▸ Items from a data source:
========================================
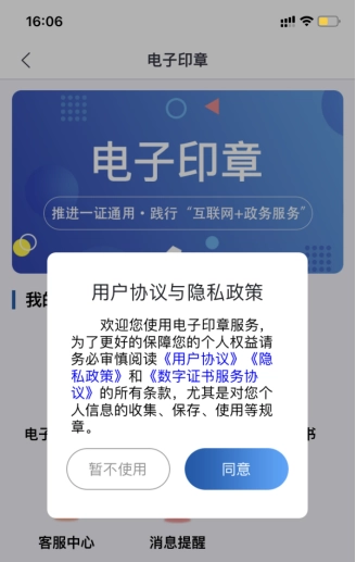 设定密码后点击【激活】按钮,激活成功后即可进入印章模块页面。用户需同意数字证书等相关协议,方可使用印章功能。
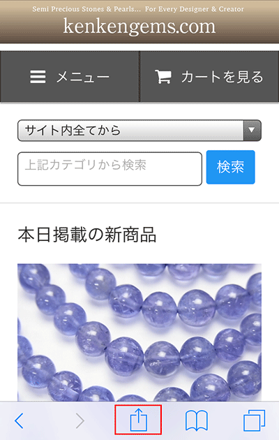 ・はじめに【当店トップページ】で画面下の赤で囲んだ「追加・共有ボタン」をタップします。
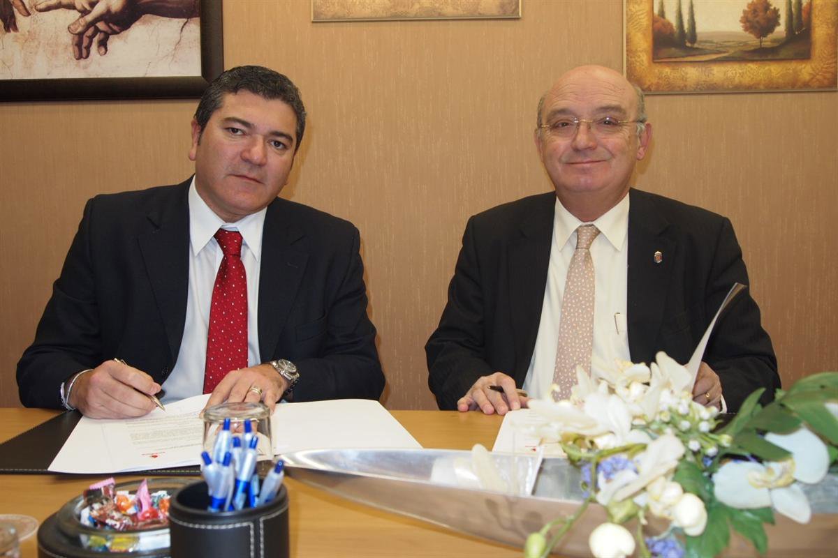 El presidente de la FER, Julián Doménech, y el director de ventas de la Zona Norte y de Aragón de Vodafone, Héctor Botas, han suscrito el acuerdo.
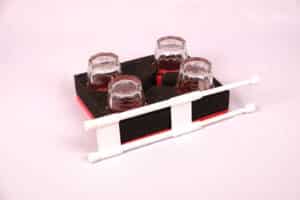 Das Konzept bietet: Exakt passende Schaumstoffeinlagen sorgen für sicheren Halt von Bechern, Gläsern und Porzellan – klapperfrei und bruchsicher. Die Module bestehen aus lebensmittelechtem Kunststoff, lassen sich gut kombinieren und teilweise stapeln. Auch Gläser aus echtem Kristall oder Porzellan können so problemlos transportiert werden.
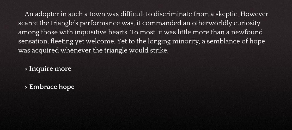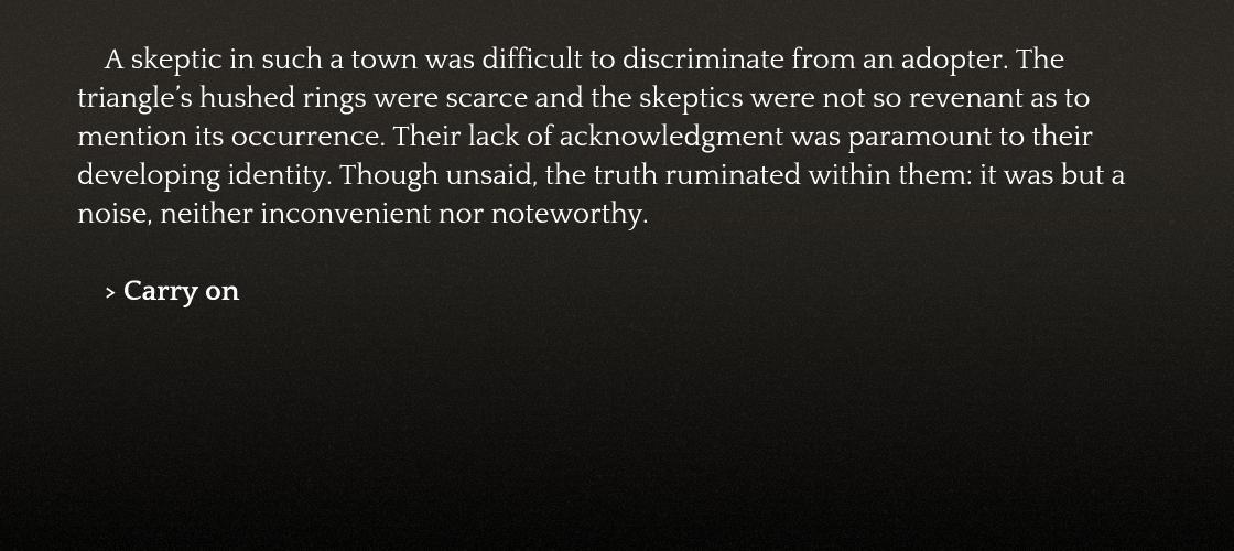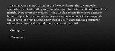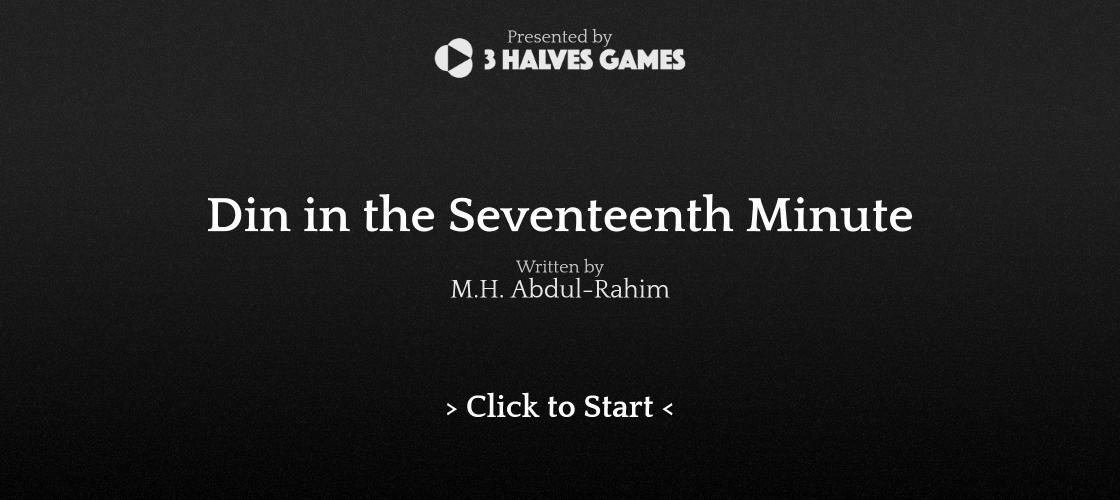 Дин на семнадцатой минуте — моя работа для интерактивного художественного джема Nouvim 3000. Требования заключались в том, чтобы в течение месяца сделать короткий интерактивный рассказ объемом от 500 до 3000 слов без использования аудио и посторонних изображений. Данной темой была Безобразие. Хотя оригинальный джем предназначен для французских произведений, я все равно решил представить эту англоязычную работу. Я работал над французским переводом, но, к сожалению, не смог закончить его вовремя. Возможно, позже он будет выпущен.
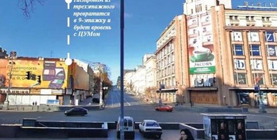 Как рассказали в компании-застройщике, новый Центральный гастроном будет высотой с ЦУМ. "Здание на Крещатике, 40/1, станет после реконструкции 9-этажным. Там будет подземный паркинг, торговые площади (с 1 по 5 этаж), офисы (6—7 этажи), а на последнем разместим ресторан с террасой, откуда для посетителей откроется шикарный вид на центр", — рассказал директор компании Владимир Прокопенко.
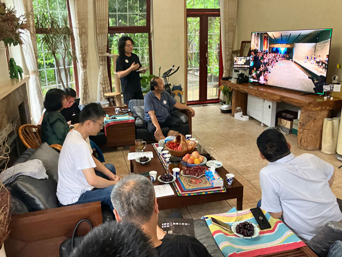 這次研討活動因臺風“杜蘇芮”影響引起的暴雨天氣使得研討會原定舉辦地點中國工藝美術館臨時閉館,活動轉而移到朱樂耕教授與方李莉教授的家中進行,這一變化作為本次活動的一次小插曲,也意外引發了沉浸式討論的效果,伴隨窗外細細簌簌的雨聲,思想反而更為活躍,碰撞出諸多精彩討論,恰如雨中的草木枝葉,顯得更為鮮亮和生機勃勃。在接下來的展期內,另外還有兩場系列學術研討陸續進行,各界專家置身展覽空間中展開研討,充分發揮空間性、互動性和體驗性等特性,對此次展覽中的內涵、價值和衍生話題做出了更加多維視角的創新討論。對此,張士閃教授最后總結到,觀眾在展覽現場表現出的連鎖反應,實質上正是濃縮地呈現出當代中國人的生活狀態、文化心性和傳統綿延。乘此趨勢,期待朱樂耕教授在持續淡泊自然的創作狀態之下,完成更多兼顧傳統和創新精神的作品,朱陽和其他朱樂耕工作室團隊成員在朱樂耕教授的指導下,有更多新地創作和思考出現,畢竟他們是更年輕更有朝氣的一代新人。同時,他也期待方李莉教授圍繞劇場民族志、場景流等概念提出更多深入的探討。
========================================
▸ TASK INSTRUCTIONS: All lines from the start of the entries above through the line containing "El presidente de" are to be given again exactly; the pictures are not.

▸ YOUR RESPONSE:
 设定密码后点击【激活】按钮,激活成功后即可进入印章模块页面。用户需同意数字证书等相关协议,方可使用印章功能。
 ・はじめに【当店トップページ】で画面下の赤で囲んだ「追加・共有ボタン」をタップします。
 El presidente de la FER, Julián Doménech, y el director de ventas de la Zona Norte y de Aragón de Vodafone, Héctor Botas, han suscrito el acuerdo.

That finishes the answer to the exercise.